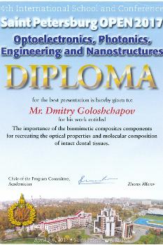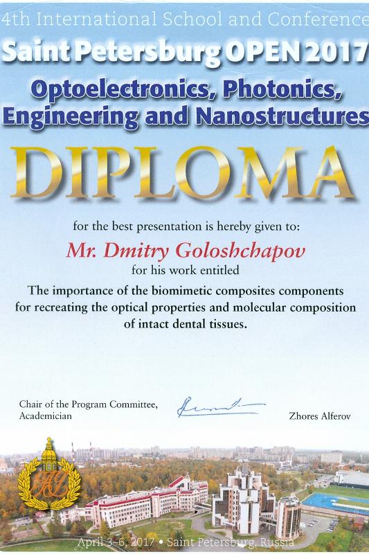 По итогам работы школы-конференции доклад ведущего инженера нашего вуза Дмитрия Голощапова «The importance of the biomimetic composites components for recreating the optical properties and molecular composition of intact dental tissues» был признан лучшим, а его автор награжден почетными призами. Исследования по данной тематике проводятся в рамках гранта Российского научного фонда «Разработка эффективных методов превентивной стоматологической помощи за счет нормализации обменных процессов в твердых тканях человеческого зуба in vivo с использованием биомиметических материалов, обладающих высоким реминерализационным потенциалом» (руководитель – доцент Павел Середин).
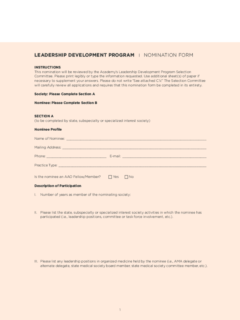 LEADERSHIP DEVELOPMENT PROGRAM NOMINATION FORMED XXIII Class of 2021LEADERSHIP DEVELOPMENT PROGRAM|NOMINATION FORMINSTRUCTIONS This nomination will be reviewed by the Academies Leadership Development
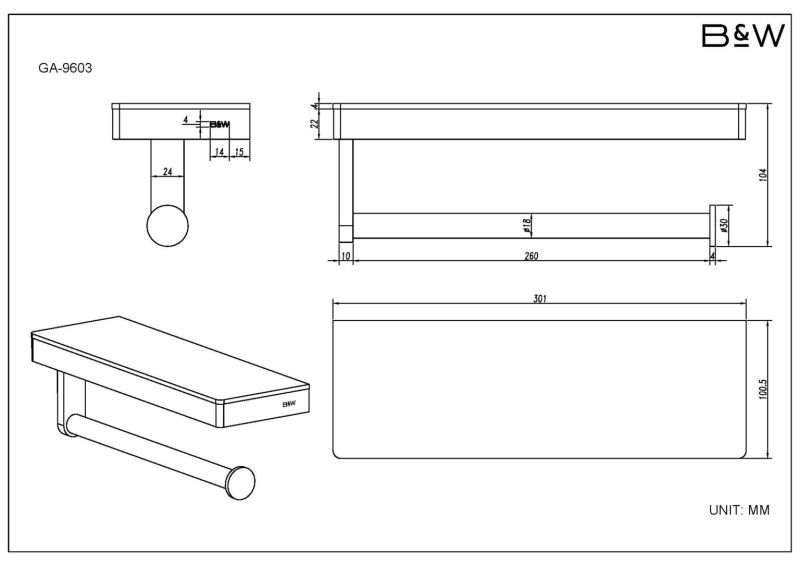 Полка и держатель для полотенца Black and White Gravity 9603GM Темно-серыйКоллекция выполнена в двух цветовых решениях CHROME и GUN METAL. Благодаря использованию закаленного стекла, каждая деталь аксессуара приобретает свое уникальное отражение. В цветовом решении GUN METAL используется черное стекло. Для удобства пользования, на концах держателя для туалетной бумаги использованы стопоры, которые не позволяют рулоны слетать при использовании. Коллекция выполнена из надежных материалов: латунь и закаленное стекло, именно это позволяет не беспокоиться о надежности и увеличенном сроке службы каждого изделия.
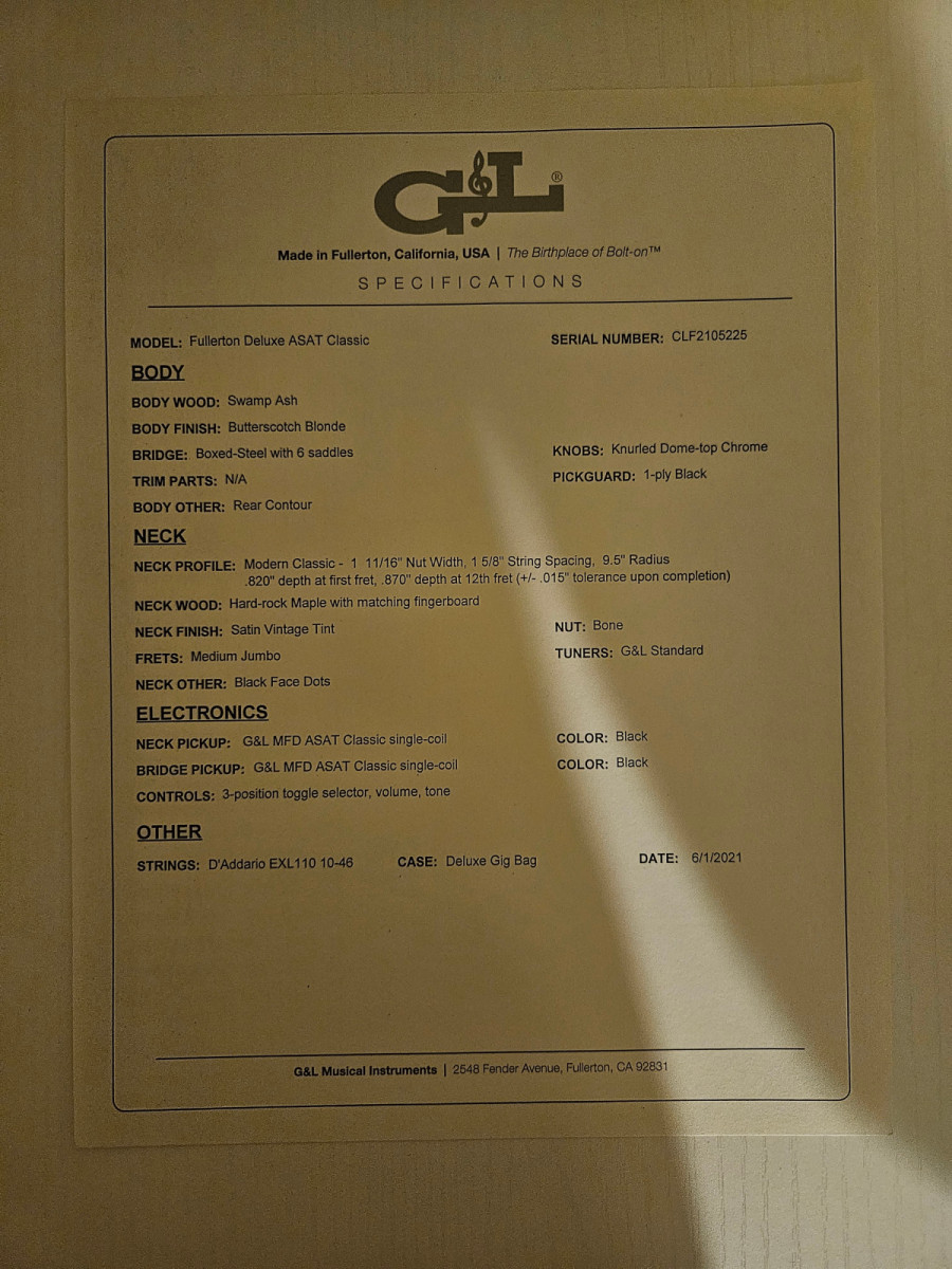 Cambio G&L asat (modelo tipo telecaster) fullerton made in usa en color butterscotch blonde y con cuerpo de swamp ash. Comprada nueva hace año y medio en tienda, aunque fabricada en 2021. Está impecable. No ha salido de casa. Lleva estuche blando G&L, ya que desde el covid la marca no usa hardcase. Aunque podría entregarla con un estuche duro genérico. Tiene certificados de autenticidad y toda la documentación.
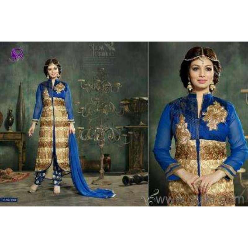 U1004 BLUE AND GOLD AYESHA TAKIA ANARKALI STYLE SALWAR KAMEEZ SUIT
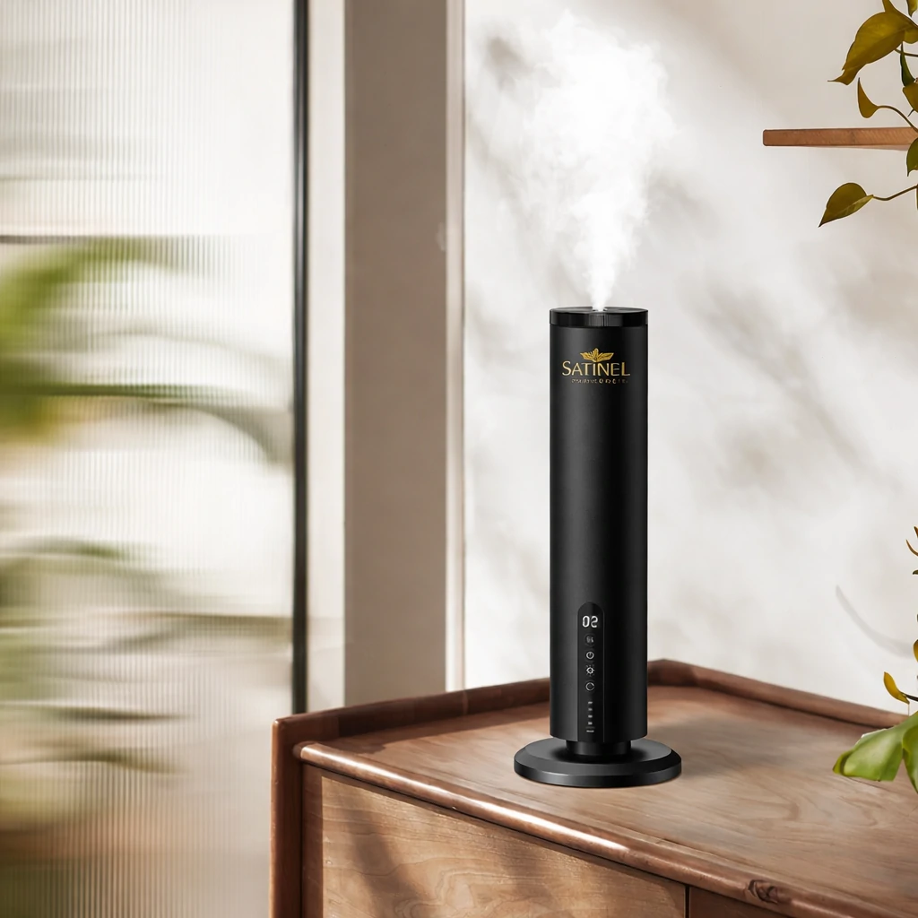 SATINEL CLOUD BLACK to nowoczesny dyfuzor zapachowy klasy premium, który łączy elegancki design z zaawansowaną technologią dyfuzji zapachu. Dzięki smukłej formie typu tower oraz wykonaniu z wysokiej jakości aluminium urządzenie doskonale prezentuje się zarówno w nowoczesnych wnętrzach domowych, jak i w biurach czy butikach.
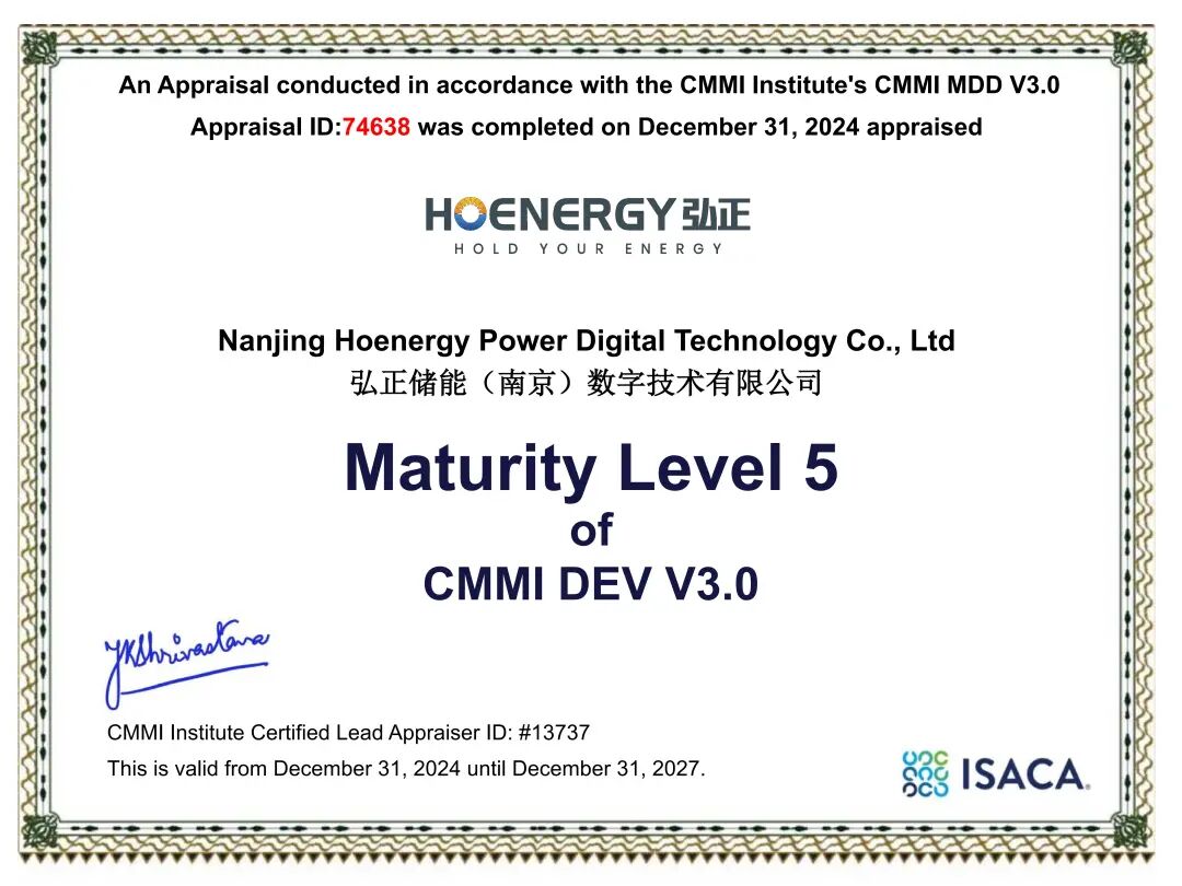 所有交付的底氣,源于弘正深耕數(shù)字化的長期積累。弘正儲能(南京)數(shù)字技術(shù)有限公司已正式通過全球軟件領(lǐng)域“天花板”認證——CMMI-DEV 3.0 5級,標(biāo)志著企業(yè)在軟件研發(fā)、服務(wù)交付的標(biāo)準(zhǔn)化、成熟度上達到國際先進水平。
————————
● **Work to complete**
Pictures are to be dropped; the lines from the start of the entries above through the line with "LEADERSHIP DEVELOPMENT PROGRAM NOMINATION" are to be given again verbatim.

● **Solved problem**
 По итогам работы школы-конференции доклад ведущего инженера нашего вуза Дмитрия Голощапова «The importance of the biomimetic composites components for recreating the optical properties and molecular composition of intact dental tissues» был признан лучшим, а его автор награжден почетными призами. Исследования по данной тематике проводятся в рамках гранта Российского научного фонда «Разработка эффективных методов превентивной стоматологической помощи за счет нормализации обменных процессов в твердых тканях человеческого зуба in vivo с использованием биомиметических материалов, обладающих высоким реминерализационным потенциалом» (руководитель – доцент Павел Середин).
 LEADERSHIP DEVELOPMENT PROGRAM NOMINATION FORMED XXIII Class of 2021LEADERSHIP DEVELOPMENT PROGRAM|NOMINATION FORMINSTRUCTIONS This nomination will be reviewed by the Academies Leadership Development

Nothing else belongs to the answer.